ASSIGNMENT: Extract the full listing verbatim and drop any pictures from your copy.

DATA SECTION:
== Segment start ==
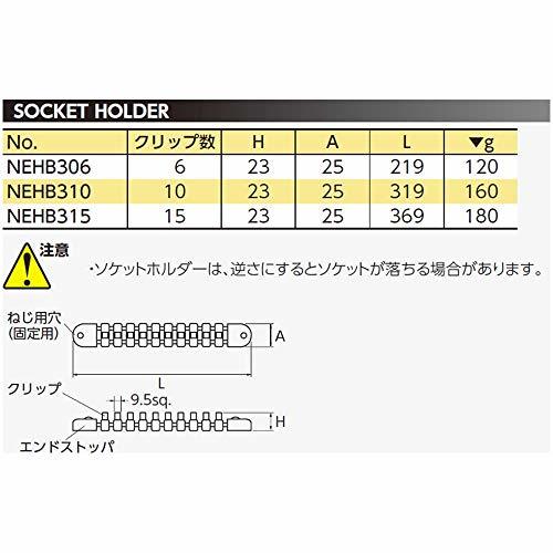 「京都機械工具(KTC) ネプロス ソケットホルダー NEHB310 差込角:9.5mm クリップ数:10個」▼4989433818931▼(商品説明)クリップ数:10・シルバー 25×319×23mm NEHB310・・Style:クリップ数:10・差込角(mm):9.5 差込数:10 全長(mm):319 差込数:10・特殊工具鋼説明 ●ソケットが差し込みやすく、持ち運び時は抜けにくくなっています●補充用クリップで差込個数を追加可能です●ネプロス・ソケット用ホルダー●差込角(mm):9.5●差込数:10●全長(mm):319●特殊工具鋼
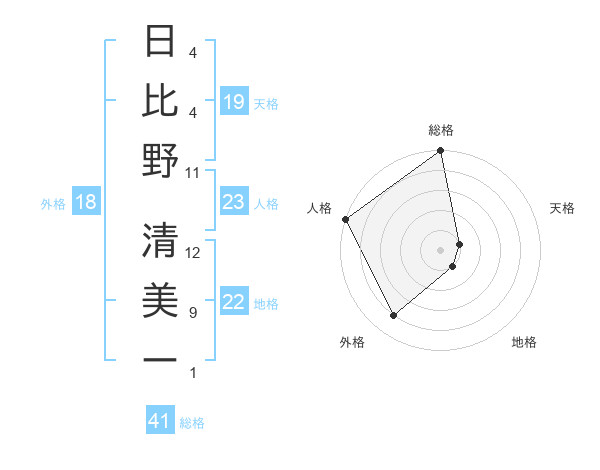 日比野 清美ーさんを姓名の画数から五運を鑑定
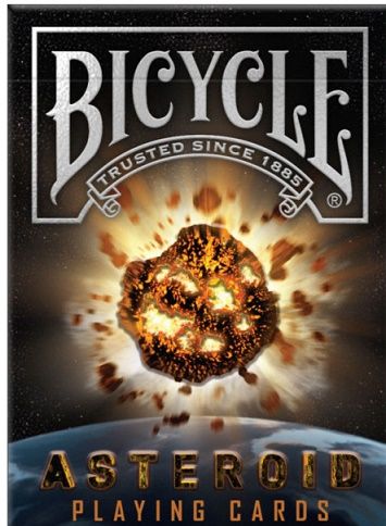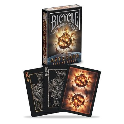 Cartile de joc Bicycle Asteroid reprezinta spectacolul corpurilor ceresti in continua miscare in spatiul cosmic aplicate pe fundalul cartilor de joc. Pe versoul cartilor de joc veti vedea un asteroid care pare ca se dezintegreaza. Cutia este deosebit de eleganta cu o stralucire solara. Classic Air-Cushion Finish pentru amestecare usoara si performanta optima. Dimensiuni 88 x 63 mm. Imprimate pe carton premium marca Bicycle si fabricate in SUA. Pot reprezenta un cadou deosebitSpecificatii
== Segment end ==
THE ANSWER:
 「京都機械工具(KTC) ネプロス ソケットホルダー NEHB310 差込角:9.5mm クリップ数:10個」▼4989433818931▼(商品説明)クリップ数:10・シルバー 25×319×23mm NEHB310・・Style:クリップ数:10・差込角(mm):9.5 差込数:10 全長(mm):319 差込数:10・特殊工具鋼説明 ●ソケットが差し込みやすく、持ち運び時は抜けにくくなっています●補充用クリップで差込個数を追加可能です●ネプロス・ソケット用ホルダー●差込角(mm):9.5●差込数:10●全長(mm):319●特殊工具鋼
 日比野 清美ーさんを姓名の画数から五運を鑑定
 Cartile de joc Bicycle Asteroid reprezinta spectacolul corpurilor ceresti in continua miscare in spatiul cosmic aplicate pe fundalul cartilor de joc. Pe versoul cartilor de joc veti vedea un asteroid care pare ca se dezintegreaza. Cutia este deosebit de eleganta cu o stralucire solara. Classic Air-Cushion Finish pentru amestecare usoara si performanta optima. Dimensiuni 88 x 63 mm. Imprimate pe carton premium marca Bicycle si fabricate in SUA. Pot reprezenta un cadou deosebitSpecificatii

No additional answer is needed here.